Existing investors Kepple Ventures and Global Ventures also participated in the round.
According to the firm’s statement, the funding will help the startup further expand in Egypt and grow its product, services, and technology, while exploring new verticals.
Mahmoud Talaat, CEO of Cartona, believes that the firm will reach profitability with the investment.
He said that the firm would be utilizing the money towards sustainable growth instead of rapid expansion, ensuring positive unit economics in each city.
With Cartona, buyers can order inventory from a network of selected sellers with an app that offers a communication tool for promotions and a dashboard for market insights.
The startup works with wholesalers, distributors, FMCG producers, and mom-and-pop stores in the country.
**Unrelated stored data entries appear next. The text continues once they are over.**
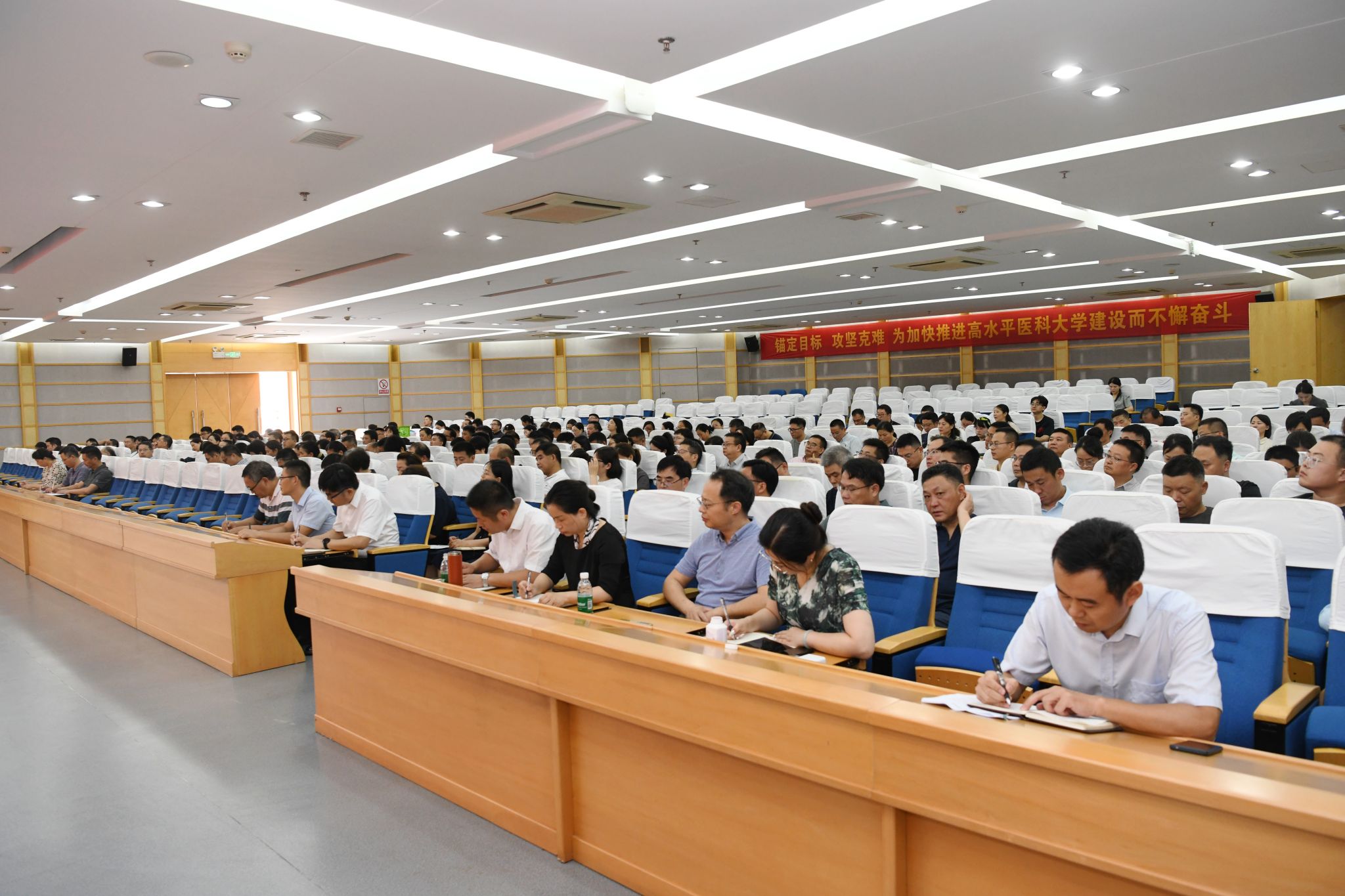 学校全体处级干部、教研室主任、校本部教授、博士、附属医院分管教学副院长和教学职能部门负责人参加会议。(何丽/文 侯东晓/摄)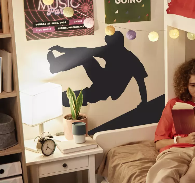Tilføj nogle handlinger til væggene i dit soveværelse i enhver farve, du ønsker, med dette parkour-vægklistermærke. Dette fantastiske actionbillede vægoverføringsbillede af den bedste ekstremsport er ideelt til at skabe en urban æstetik til ethvert rum i dit hjem eller fitnesscenter. Hvis du elsker parkour og fri løb, vil du elske dette produkt.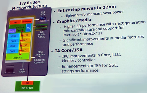 Intel gave its first public disclosure of Ivy Bridge at the Intel Developer Forum last month. Intel said that successor to the Sandy Bridge design boast significant improvements in on-board graphics, overall performance and a handful of advances in power management and security.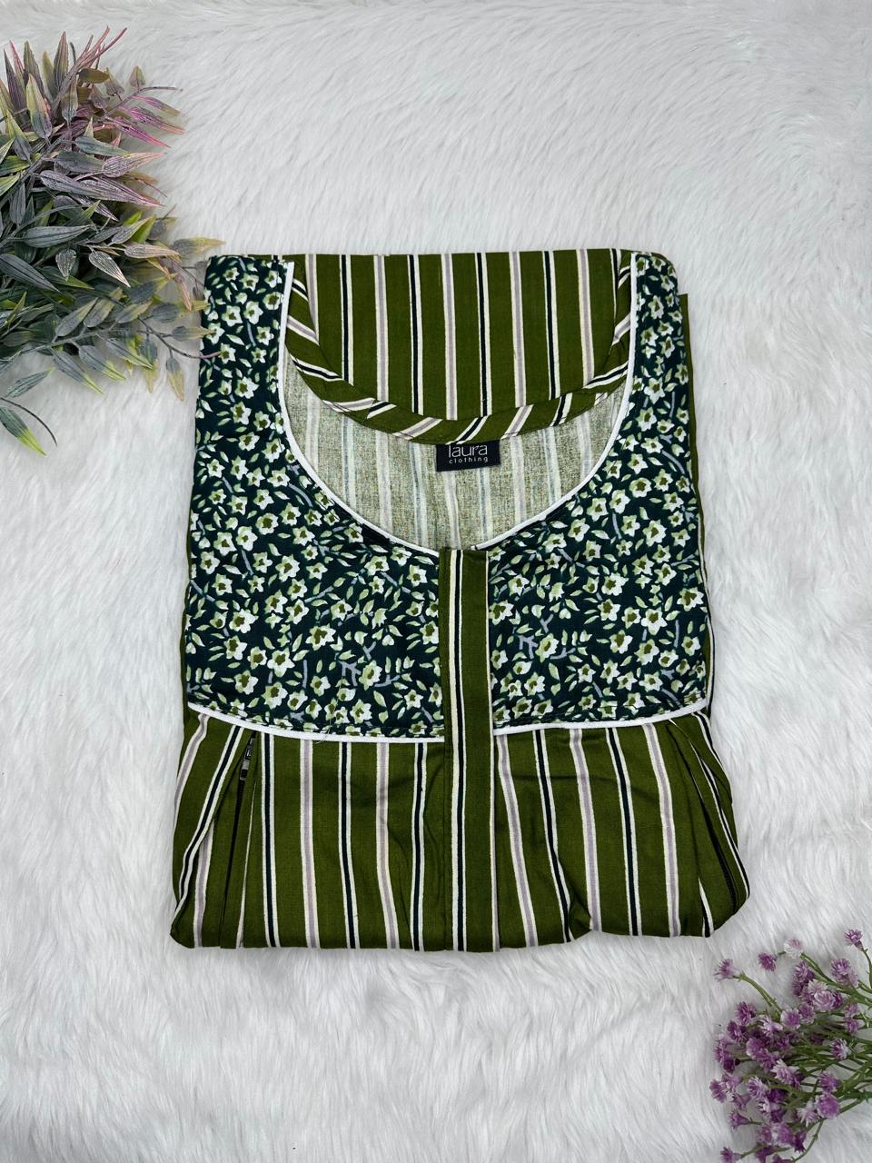 Myrtle and Dark Jungle Green Printed Round Neck Pleated Pure Cotton Feeding Nighty With Two Side Vertical Zip and Single Centre Zip Free Size Short Sleeve (Suits for bra size 34″- 40″ | 54-56 inch length)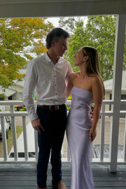 Luxe Satin Strapless Cutout Back Maxi Prom Dress with Body-Skimming Fit - Lavender / US 2 / UK 6 / EU 32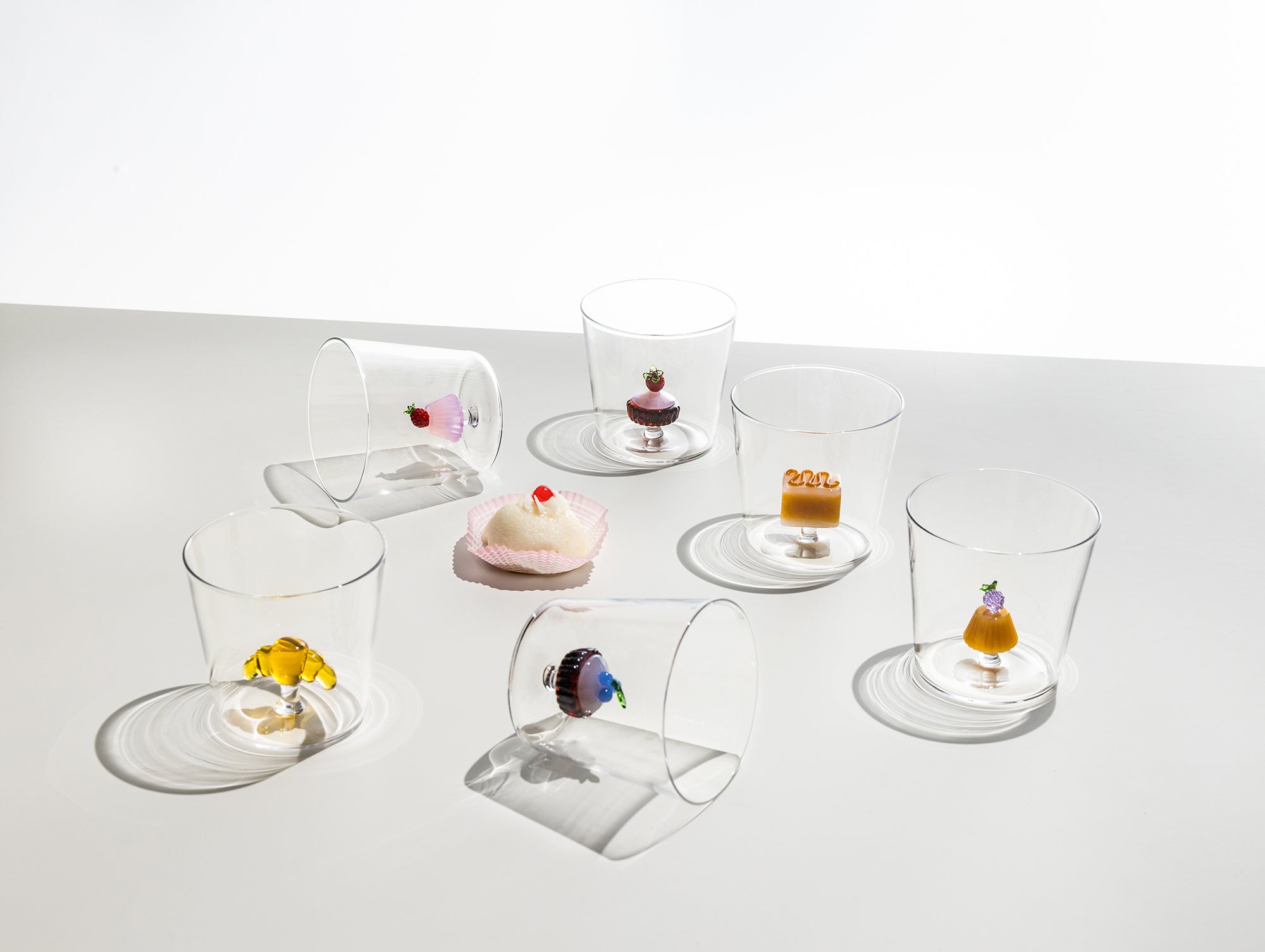 Aggiungi un elemento di conversazione e un tocco di dolcezza alla tua tavola con questo bicchiere che unisce funzionalità quotidiana e arte decorativa.

It runs an asset-light marketplace where not a single product or vehicle is owned by it.
Mahmoud Abdel-Fattah, CTO of Cartona, stated that Cartona stands out in the market by integrating BNPL services into its marketplace platform without a third-party provider.
By implementing this approach, small businesses can repay their loans whenever they have a product shipment, unlike on other platforms where they are bound to pay their loans monthly with interest.
Currently, Cartona lends out its balance sheet, but expects to get some venture debt and credit lines soon from its partners by January 2023.
Namek T. Zu’bi, founding managing partner, Silicon Badia, said that Cartona’s asset-light approach has enabled investment firms, including itself to enter the B2B retail market and efficiently serve several marketplace participants.
Talaat revealed that the firm currently serves over 60,000 merchants, 1,500 wholesalers and distributors, and 200 FMVG businesses, including Henkel and Unilever. It has processed over 1 million transactions and has an E£2.3 billion ($121 million) annualized gross merchandise value.